🤖 AI Summary
In imbalanced classification, scarcity of minority-class samples induces model bias and spurious correlations. Method: This paper proposes a novel synthetic oversampling paradigm leveraging large language models (LLMs), establishing the first theoretical framework for synthetic data in imbalanced learning. It rigorously quantifies performance gains, derives scaling laws linking synthetic sample size to model accuracy, and characterizes the capability boundary of Transformers for generating high-fidelity synthetic samples. Contribution/Results: Theoretically, the method provably enhances classification accuracy, robustness, and generalization. Empirically, LLM-generated samples effectively mitigate class bias and outperform conventional resampling techniques (e.g., SMOTE) across multiple benchmarks. This work delivers an interpretable, scalable, and LLM-driven solution for trustworthy imbalanced learning.
📝 Abstract
Imbalanced classification and spurious correlation are common challenges in data science and machine learning. Both issues are linked to data imbalance, with certain groups of data samples significantly underrepresented, which in turn would compromise the accuracy, robustness and generalizability of the learned models. Recent advances have proposed leveraging the flexibility and generative capabilities of large language models (LLMs), typically built on transformer architectures, to generate synthetic samples and to augment the observed data. In the context of imbalanced data, LLMs are used to oversample underrepresented groups and have shown promising improvements.
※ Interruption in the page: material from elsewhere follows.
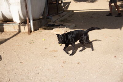 Mit den freiwilligen Helfern zeigt er sich sehr anhänglich und gehorsam, er mag ihre Aufmerksamkeit und das Spielen mit dem Ball.

However, there is a clear lack of theoretical understanding of such synthetic data approaches. In this article, we develop novel theoretical foundations to systematically study the roles of synthetic samples in addressing imbalanced classification and spurious correlation. Specifically, we first explicitly quantify the benefits of synthetic oversampling. Next, we analyze the scaling dynamics in synthetic data augmentation, and derive the corresponding scaling law. Finally, we demonstrate the capacity of transformer models to generate high-quality synthetic samples. We further conduct extensive numerical experiments to validate the efficacy of the LLM-based synthetic oversampling and augmentation.